(Collected data entries)
• • •

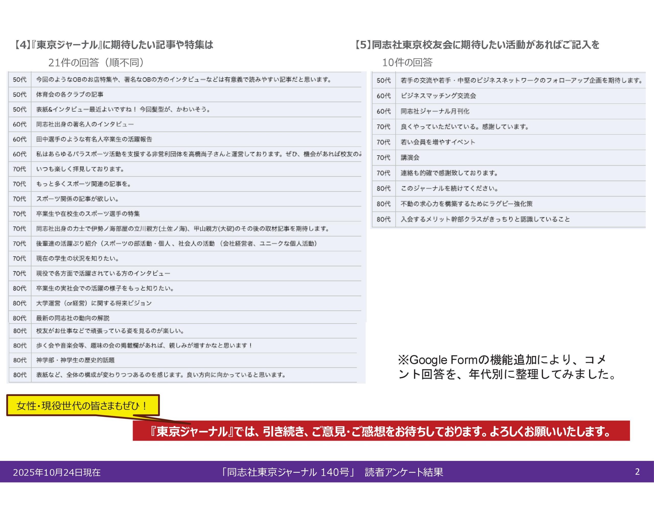 同志社東京ジャーナル140号(2025年7月) アンケート結果
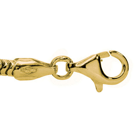 Schlangenkette aus 14 Karat (585) Gelbgold mit Karabinerverschluss, Länge ca. 42 cm, Kettenstärke ca. 2,4 mm x 2,4 mm, Gewicht ca. 12,1 g * Bitte beachten Sie die Maße! Auf dem Foto kann der Artikel größer wirken *(Colfem) Die klassische Halskette wird gerne solo getragen oder nimmt den Lieblingsanhänger auf. Schlicht und praktisch das Basis Accessoire für einen geschmückten Hals. Die Farbe Gold ist seit jeher der Klassiker für Schmuck. Unvergleichlich edel steht Gold wie keine andere Farbe für Wärme und Begierde. Gold 585, auch 14 Karat Gold genannt, ist in unseren Breiten die gängigste Wahl, wenn man Echtgold Schmuck sein eigen nennen möchte. Da reines Feingold 999 zu weich für die Schmuckverarbeitung ist, wird es mit anderen Metallen legiert. Bei 585 Gold besteht also die Legierung zu über die Hälte aus reinem Gold.
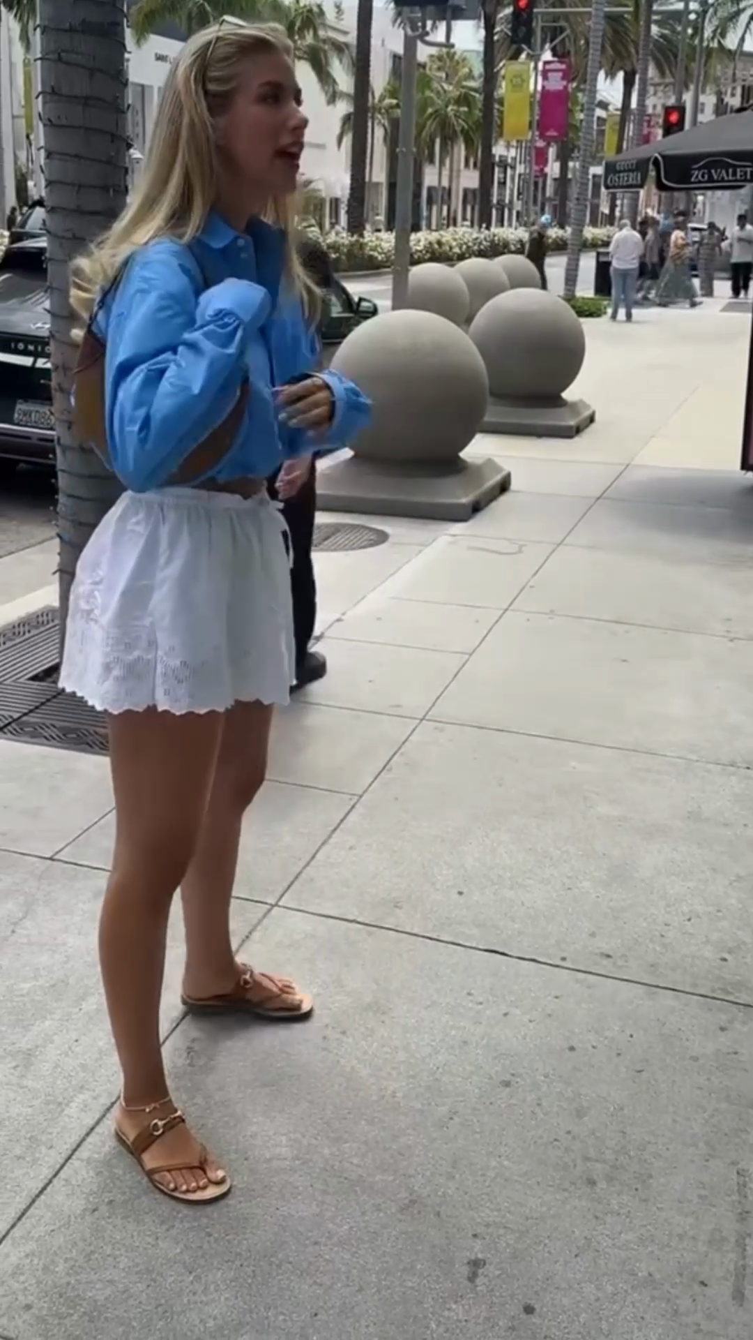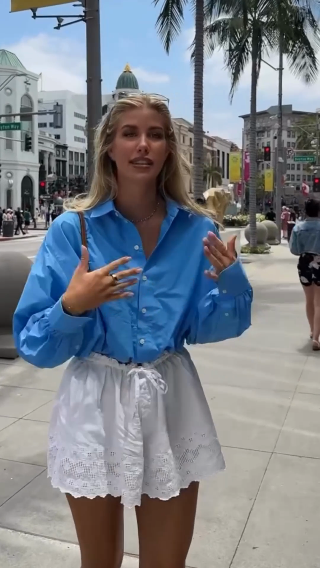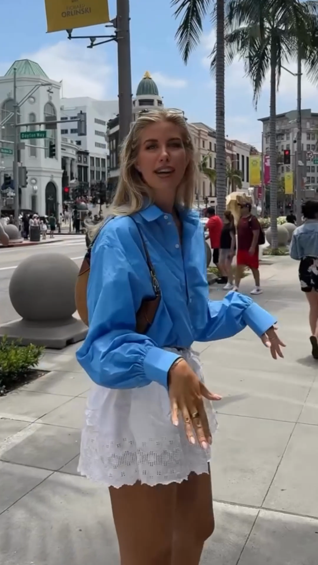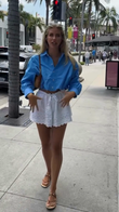 Blue Cropped Button - Down Shirt with White Embroidered Shorts
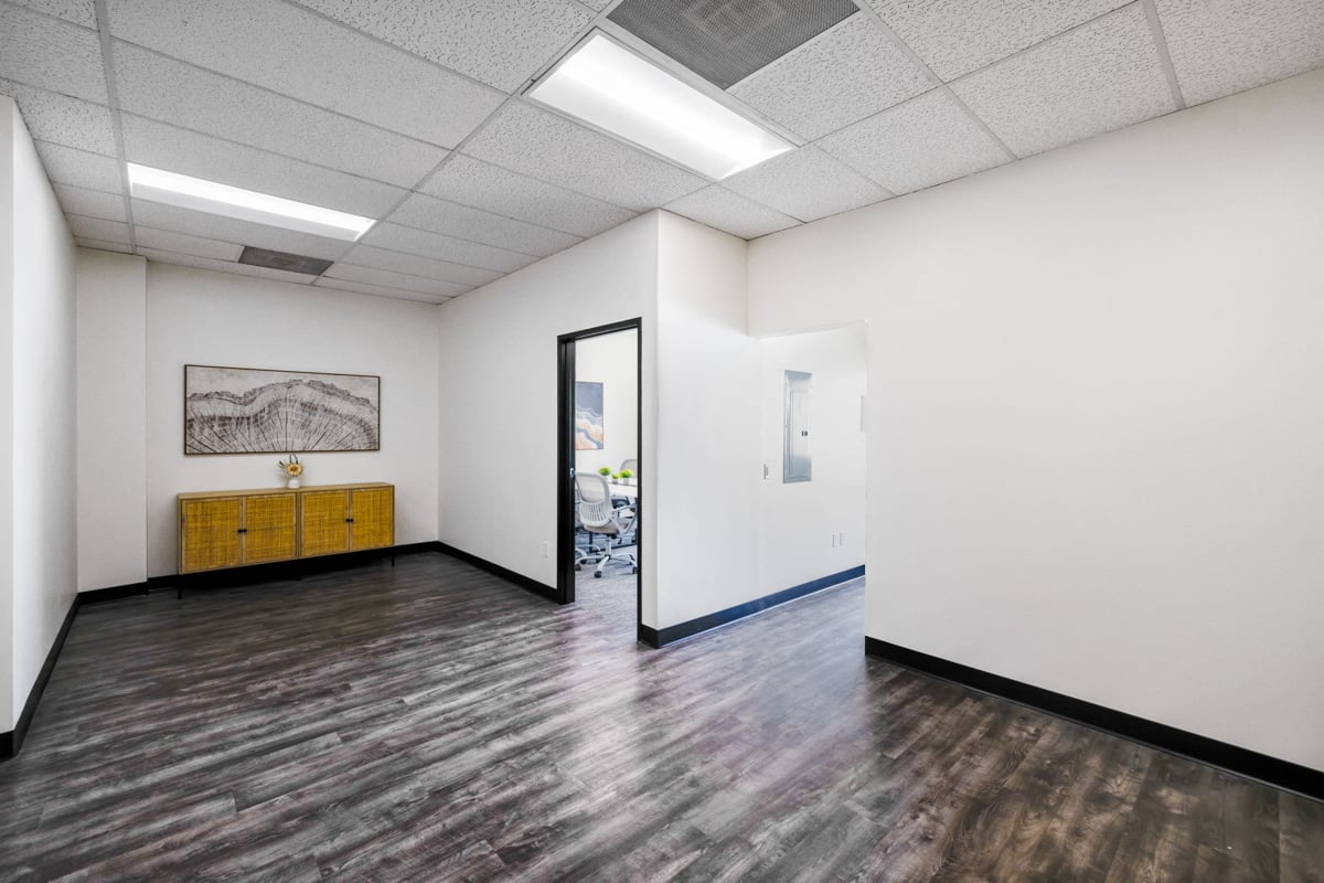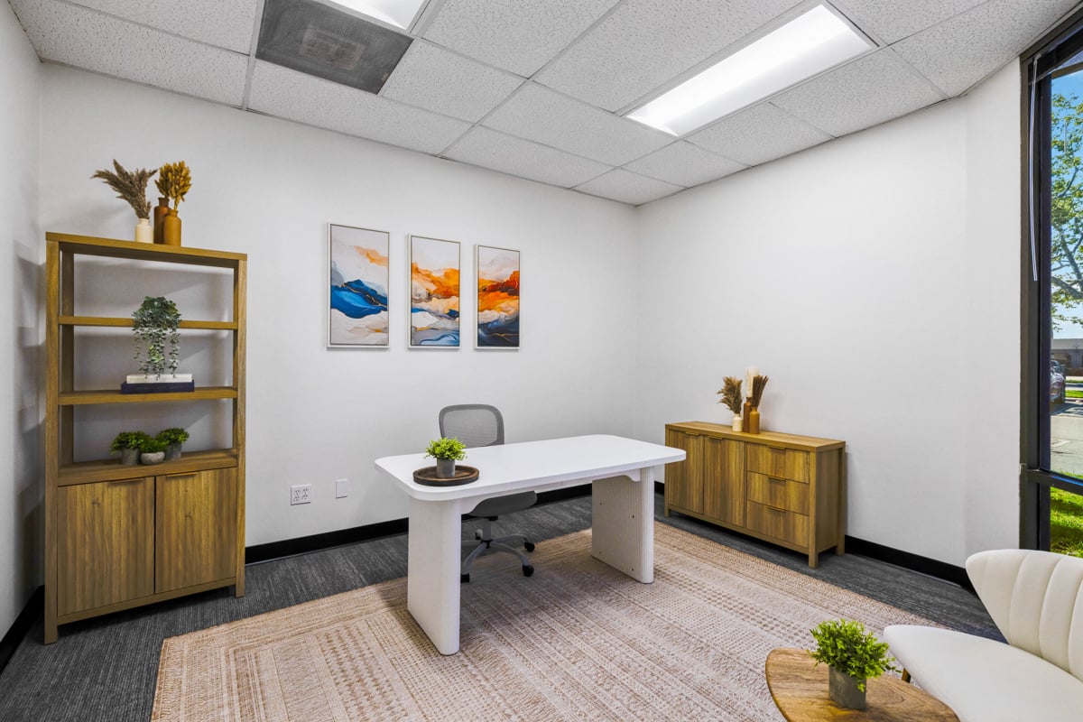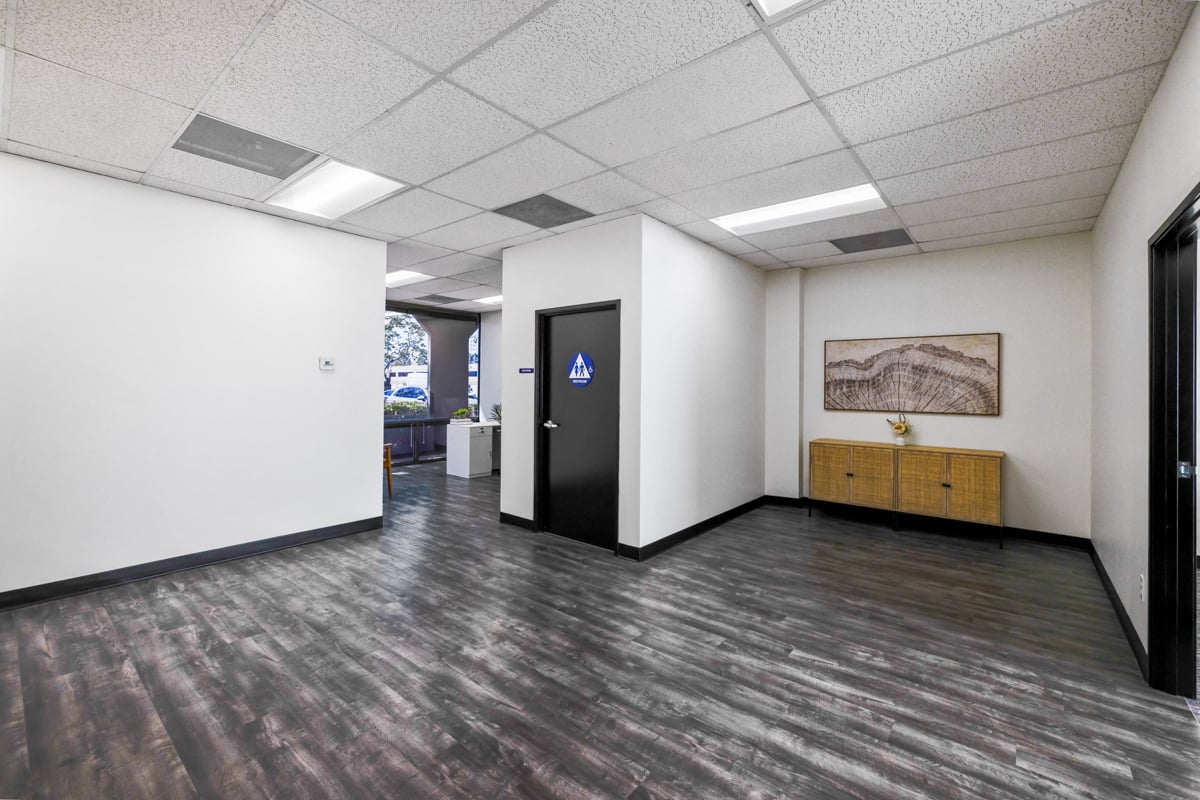 One-story office - Open area/reception, with a kitchenette, two (2) private offices and a private restroom
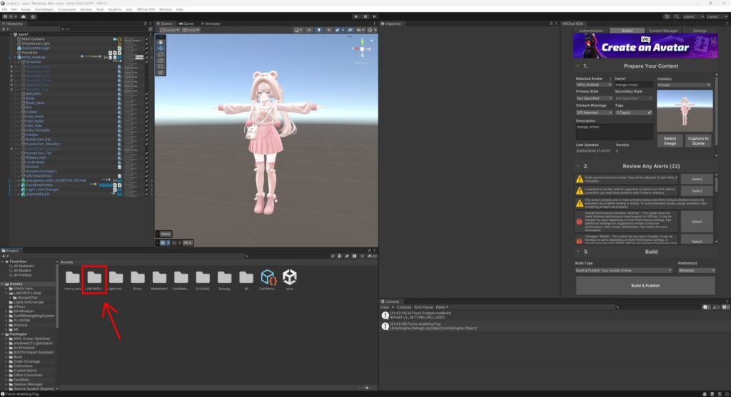 「MangaFilterShader」を導入したいアバターのプロジェクトを開きます。
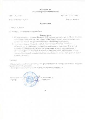 № 2 бракераж комиссиясының отырыстары
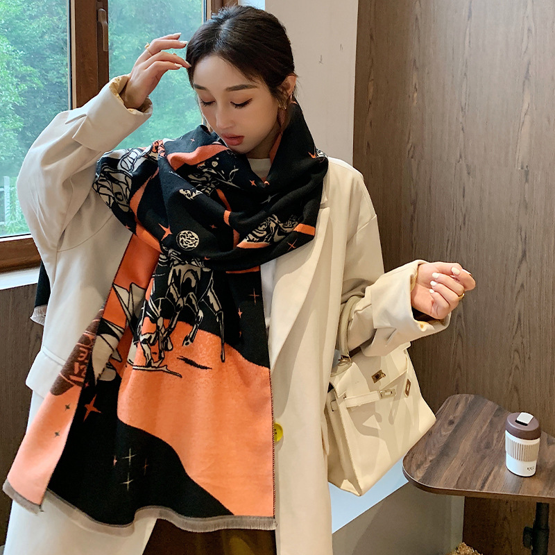 겨울 두꺼운 목도리 여성 다기능 사무실 낮잠 담요 캐시미어 자카드 술 따뜻한 스카프스토어 가기
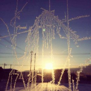 朝日で窓硝子に着いた、氷がキラキラ❄️ クリスマスツリー🎄の様 綺麗❄️❄️
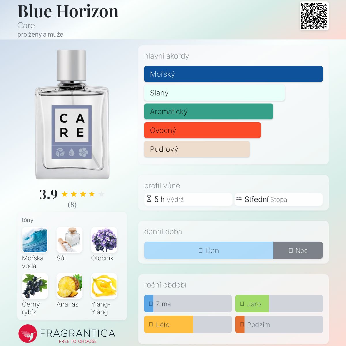 Blue Horizon podle Care je vůně pro ženy a muže. Toto je nová vůně. Blue Horizon byl/a uveden/a v roce 2024. "Nosem" za touto vůní je Coralie Spicher. Vrchní tóny jsou Mořské tóny, Sůl, Černý rybíz a Ananas; střední tóny jsouOtočník, Ylang-Ylang, Levandule a Cypřiš ; základní tóny jsou Naplavené dříví, Bílé pižmo a Mech.
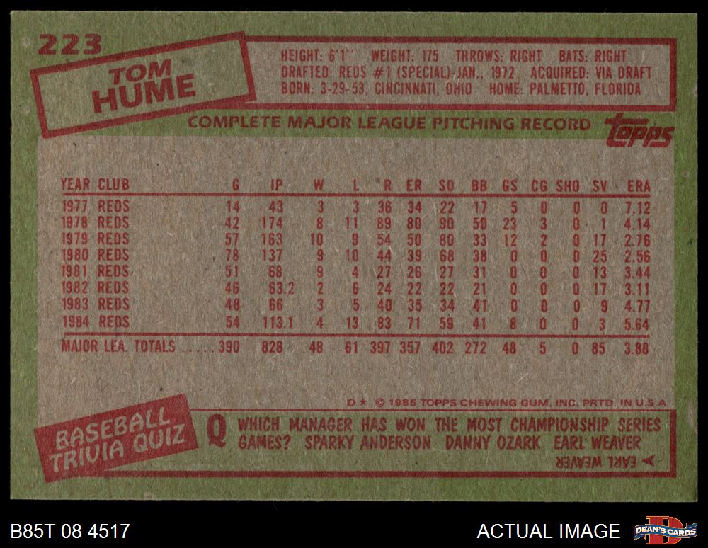 1985 Topps #223 Tom Hume 8 - NM/MT
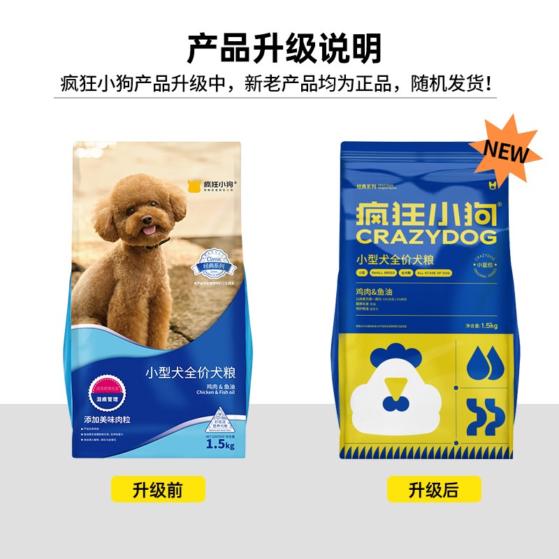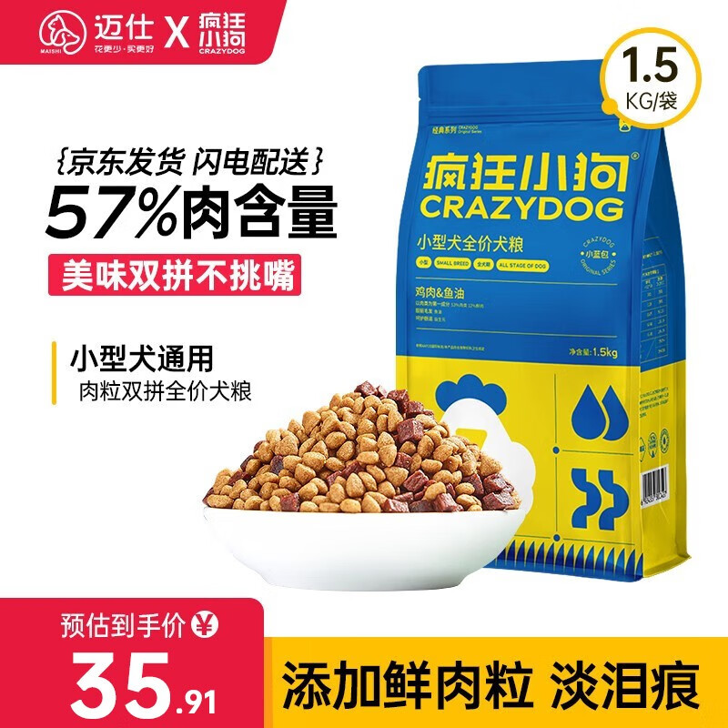 疯狂小狗 狗粮小型犬全阶段泰迪贵宾博美比熊通用型肉粒双拼粮 【小蓝包】小型犬鸡肉鱼油1.5kg

• • •

Activity
Look above and copy only the lines from the one holding "One-story office - Open" to the one holding "朝日で窓硝子に着いた、氷がキラキラ❄️ クリスマスツリー🎄の様 綺麗❄️❄️", both included, exactly, minus the pictures.

Task solution
 One-story office - Open area/reception, with a kitchenette, two (2) private offices and a private restroom
 「MangaFilterShader」を導入したいアバターのプロジェクトを開きます。
 № 2 бракераж комиссиясының отырыстары
 겨울 두꺼운 목도리 여성 다기능 사무실 낮잠 담요 캐시미어 자카드 술 따뜻한 스카프스토어 가기
 朝日で窓硝子に着いた、氷がキラキラ❄️ クリスマスツリー🎄の様 綺麗❄️❄️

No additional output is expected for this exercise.